At that time, Rafferty identified the danger as a wrong-headed and misleadingly named “progressive education.”  Such dunderheaded notions, Rafferty argued, oozed out of ed schools to create a nation barely able to compete with the aggressive Soviet Union.

1963

1963

As Rafferty put it,

For thirty years, our Columbia University philosophers, our educational psychologists, and our state department consultants have been leading us down a primrose path where report cards read like Abbott and Costello comedy routines, where competition was a naughty word, and where memorization and drill were relics of the Dark Ages.

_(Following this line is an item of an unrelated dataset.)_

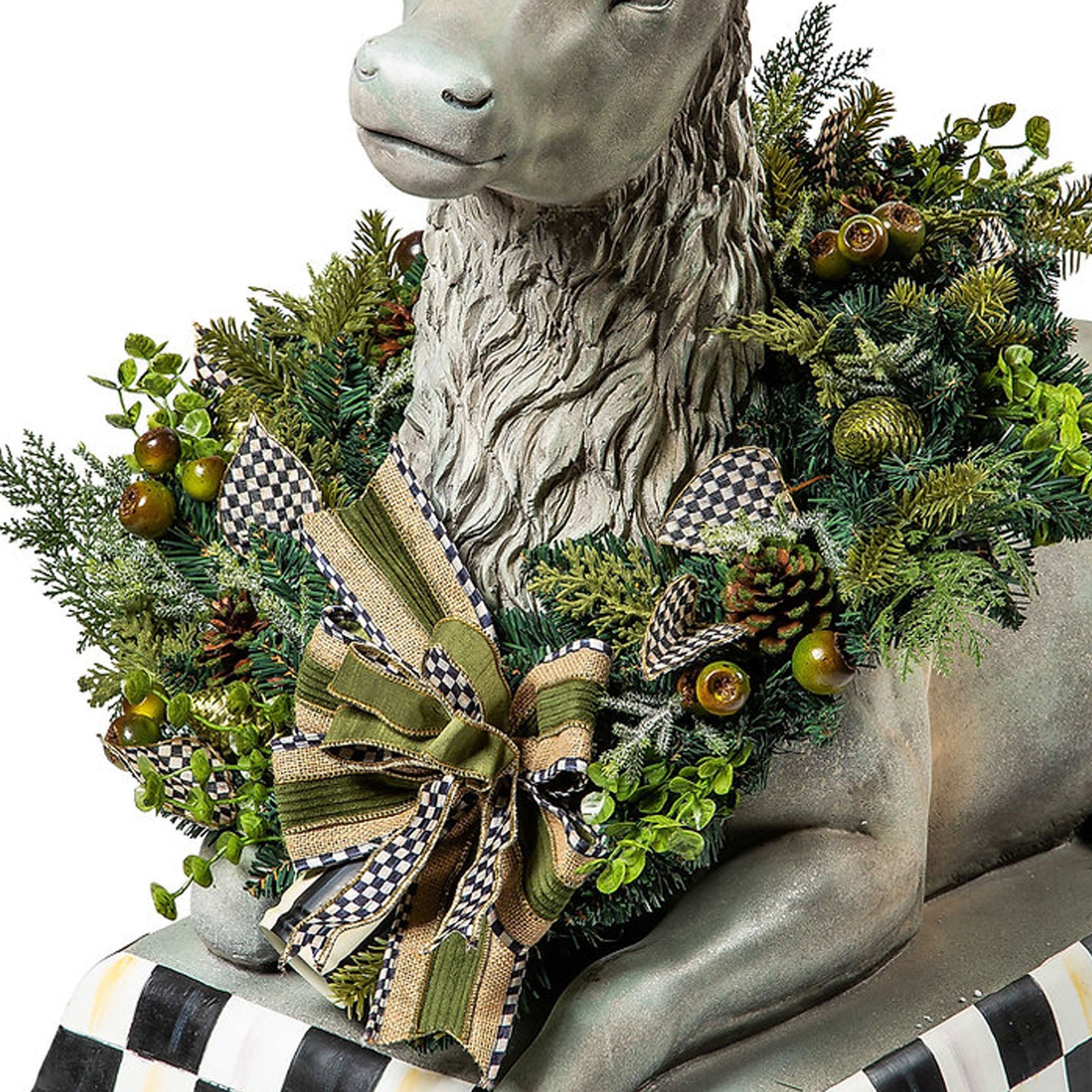 The Farmhouse Trophy Resting Deer is worthy of first prize, adding a fresh and festive touch anywhere it is displayed. Ideal to be placed in a sheltered outdoor location. Sitting on a base of Courtly Check, it has the look of patinaed carved stone. Wearing our everlasting Farmhouse Wreath, it's accented with a tin Courtly Stripe bell.

In the last three years, we have found out for ourselves that our morals are rotten, our world position degenerating so abysmally that a race of lash-driven atheistic peasants can challenge us successfully in our own chosen field of science, and our rate of juvenile murder, torture, rape, and perversion so much the highest in the world that it has become an object of shuddering horror to the rest of the human race.  More, our greatest leaders today, both in and out of Education, now assure us that these fairy stories with which we have for thirty years bulwarked our thinking and our actions are just—plain—not—true.

My hunch is that Superintendent Rafferty would approve of Professor Vedder’s suggestion.  Close down the ed schools, teach teachers the way we teach everybody else.

My hunch is that somewhere at the back of this conservative ire is a feeling that education schools have become the domain of the academic left.  On many campuses, not only do education schools represent a different sort of student, they often also represent a dwindling redoubt of the unapologetic academic left.

Are there other reasons why smart conservatives feel such virulent distaste for ed schools?